■ Data excerpt:
───
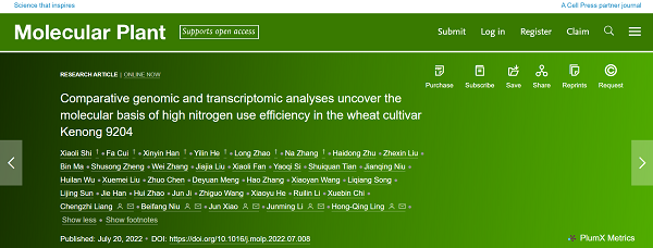 土壤氮素短缺是限制作物生產的最主要因子,從全基因組水平上解析作物氮高效的遺傳及分子機制,培育氮高效作物新品種,提高作物的氮素利用效率,是解決我國及世界農業(yè)的面源污染,實現(xiàn)農業(yè)可持續(xù)發(fā)展和保護環(huán)境的關鍵。近日,高性能計算部、中科院遺傳所植物細胞與染色體工程國家重點實驗室與魯東大學合作,通過基因組測序與生物信息學手段,在解析小麥氮素高效利用的分子機制研究中取得重要進展,相關成果以“Comparative genomic and transcriptomic analyses uncover the molecular basis of high nitrogen use efficiency in the wheat cultivar Kenong 9204”為題于2022年7月22日在線發(fā)表在《Molecular Plant》(圖1)。高性能計算部在讀博士生韓鑫胤為論文的共同第一作者,牛北方研究員為論文的共同通訊作者??萍荚撇坷钶驾佳芯繂T、趙毅高級工程師、業(yè)務發(fā)展處趙蕓卿工程師分別為本研究的高通量基因組數(shù)據(jù)傳輸、高效利用超級計算機“元”計算資源方面提供了技術支持。
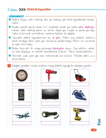 1 Aşağıda görselleri verilen araçların hangi elektrik kaynağı ile çalıştığını yazalım.
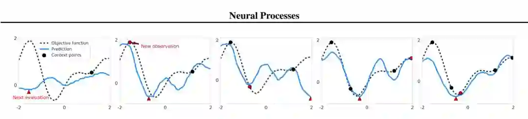 图 5:在 1-D 目标函数利用神经过程的 Thompson sampling。图中展示了五次迭代的优化过程。每个预测函数(蓝色)通过采样一个隐变量进行绘制,以上下文点数的增加为条件(黑色圆)。真实函数由一个黑色点线表示。红色三角形对应采样 NP 曲线的最小值的下一个评估点。下一次迭代中的红色圆对应该评估点及其真值,作为 NP 的下一个上下文点。
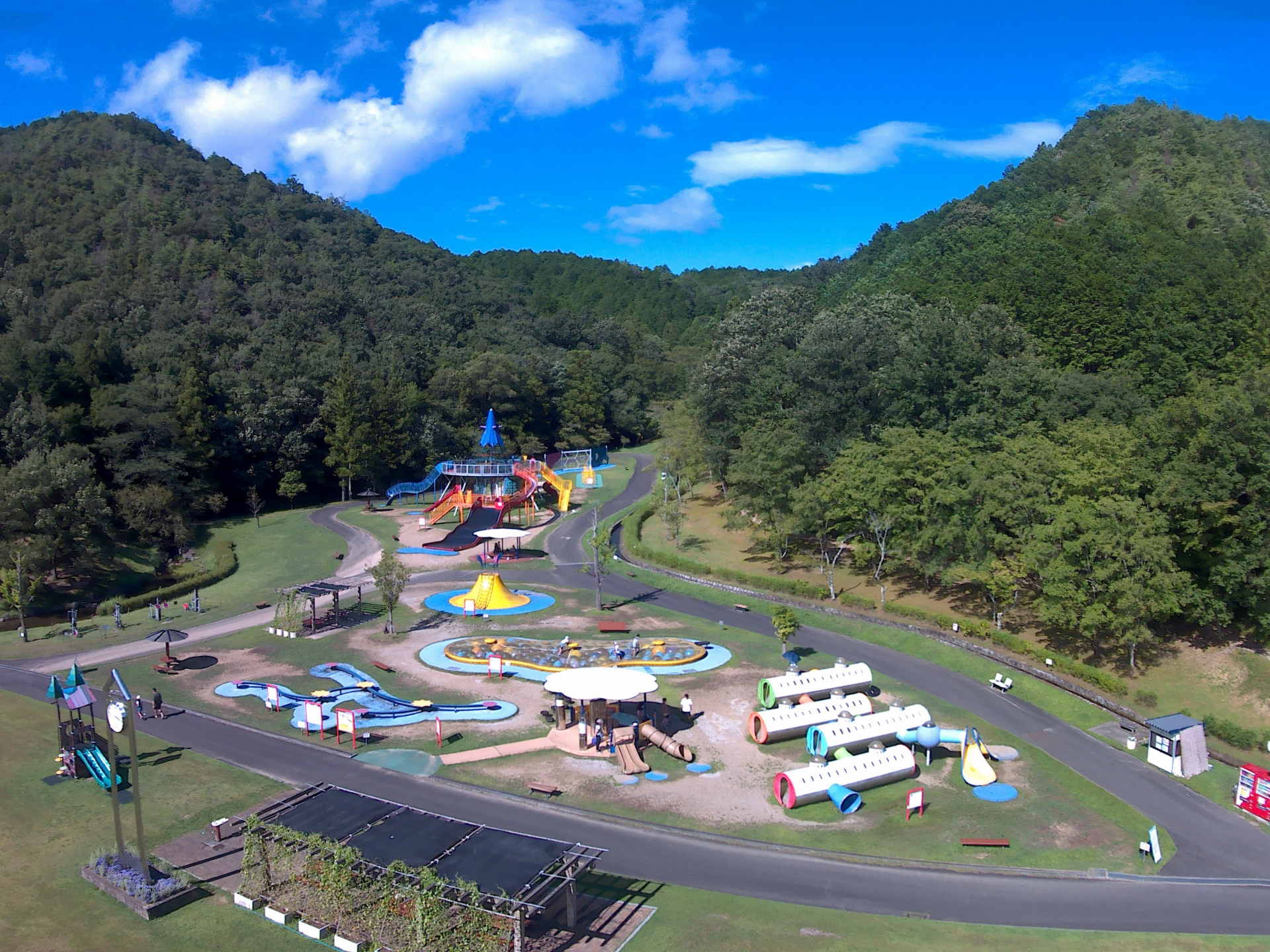 岐阜市北東部に位置する総合公園。豊富な自然に囲まれた環境の中で、スポーツ、レジャー、自然学習とさまざまな体験ができる。園内の「こどもゾーン」では、「ボブスレー」「スーパーモービル」「ジェロニモ砦」といった遊具のほか、東海三県で最長となる総延長180m超の「長大ローラーすべり台」があり、幅広い年齢層で楽しむことができる。
───
■ Exercise: Begin at the line containing "1 Aşağıda görselleri" and write out every line to the end of the data exactly. Skip the pictures.

■ Output:
 1 Aşağıda görselleri verilen araçların hangi elektrik kaynağı ile çalıştığını yazalım.
 图 5:在 1-D 目标函数利用神经过程的 Thompson sampling。图中展示了五次迭代的优化过程。每个预测函数(蓝色)通过采样一个隐变量进行绘制,以上下文点数的增加为条件(黑色圆)。真实函数由一个黑色点线表示。红色三角形对应采样 NP 曲线的最小值的下一个评估点。下一次迭代中的红色圆对应该评估点及其真值,作为 NP 的下一个上下文点。
 岐阜市北東部に位置する総合公園。豊富な自然に囲まれた環境の中で、スポーツ、レジャー、自然学習とさまざまな体験ができる。園内の「こどもゾーン」では、「ボブスレー」「スーパーモービル」「ジェロニモ砦」といった遊具のほか、東海三県で最長となる総延長180m超の「長大ローラーすべり台」があり、幅広い年齢層で楽しむことができる。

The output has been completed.